The trainmaster nodded, and handed the order back to the engineer.

“You boys are all right,” he said. “You’re evidently not to blame.”

The engineer chuckled.

“You bet we ain’t,” he agreed. “But that’ll be th’ last o’ Mister Dispatcher on this road, I reckon. Who was it?”

“Greggs,” answered the trainmaster, tersely.

“Hum!” said the engineer, after a moment’s reflection. “I’d never have thought Greggs’d make a break like that. If it’d been Jenkins, now.”

“When did you realize that something was wrong?” asked Mr. Schofield, with a little impatient jerk of the head.

“When I saw that signal swung up. I knowed nobody’d handle it so rough as that without mighty good cause. So I jammed on th’ brakes an’ jerked open th’ sand-box an’ reversed her; an’ then in about a second, I see another headlight comin’ at me, an’ I knowed what was up.

“’Git out o’ here!’ I yelled to Joe—he’s my fireman—but he’d seen her comin’, too, an’ didn’t need no warnin’ from me. I see him jump an’ I was jest a-goin’ t’ foller suit, when I see th’ other feller had his train under control. We had slowed up considerable, too—we hadn’t been comin’ very fast, but th’ heavy train behind us shoved us on—so we jest give her a little love-tap, as it were, an’ stopped.”

“A little harder one and we’d have been off the track,” added the conductor. “I can’t understand Greggs makin’ a mistake like that. I always thought he was the best man in the office. I don’t see how he could have overlooked giving you an order for us.”

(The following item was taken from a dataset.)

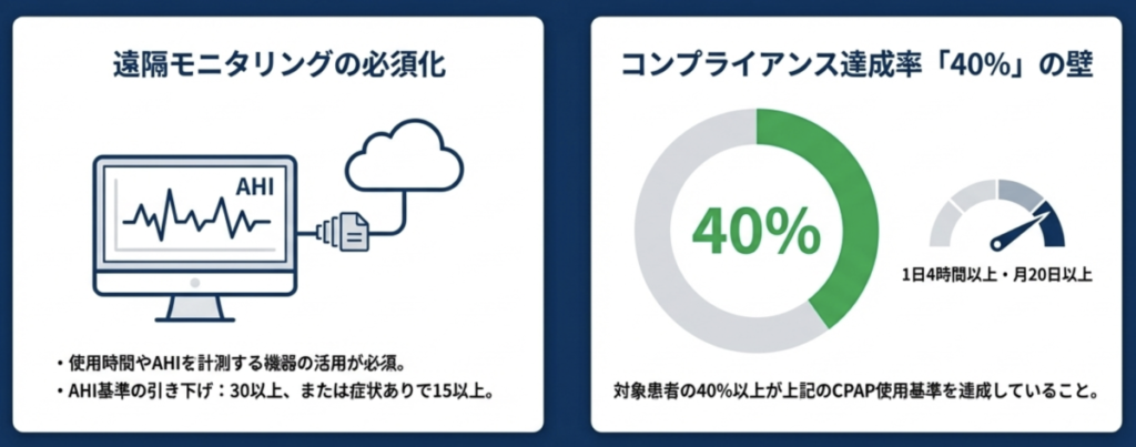 現場感のある言い方をすると、今後は「CPAPを始めてもらう」だけでは足りず、続けてもらうための導線、説明、フォロー、データ確認の仕組みまで含めて診療体制として評価される時代に入った、ということです。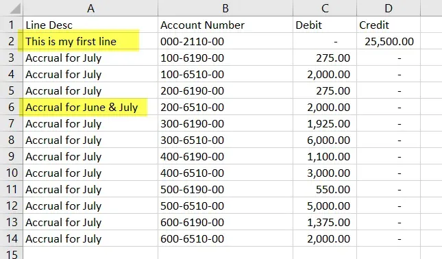 - Ensure you are copying all 4 (or 5) columns of data even if the Line Item Description is blank.

“Better men than Greggs have made mistakes,” retorted the trainmaster, a little tartly.

“Well, we must be gettin’ on,” said the conductor, eying Allan, curiously. “The investigation will show who was to blame.”

Allan was already calling up the D. W. & I. headquarters.

“Eng. 618,” he reported, “delayed by hot-box, just arrived here and wants orders.”

In a moment the answer flashed back.

“Eng. 618 will leave Byers Junction at 7.38 and run extra to Wellston.”

Allan repeated it, got it O. K.’d, and handed a copy to each of the two men. They read it aloud, glanced at their watches, and stalked out. A moment later, Allan and the trainmaster heard the exhaust as the engine started. As soon as the train was past the switch, Allan turned the semaphore and lowered the train-signal to show a clear track. Then he came back and sat down by the trainmaster, who was puffing his cigar reflectively.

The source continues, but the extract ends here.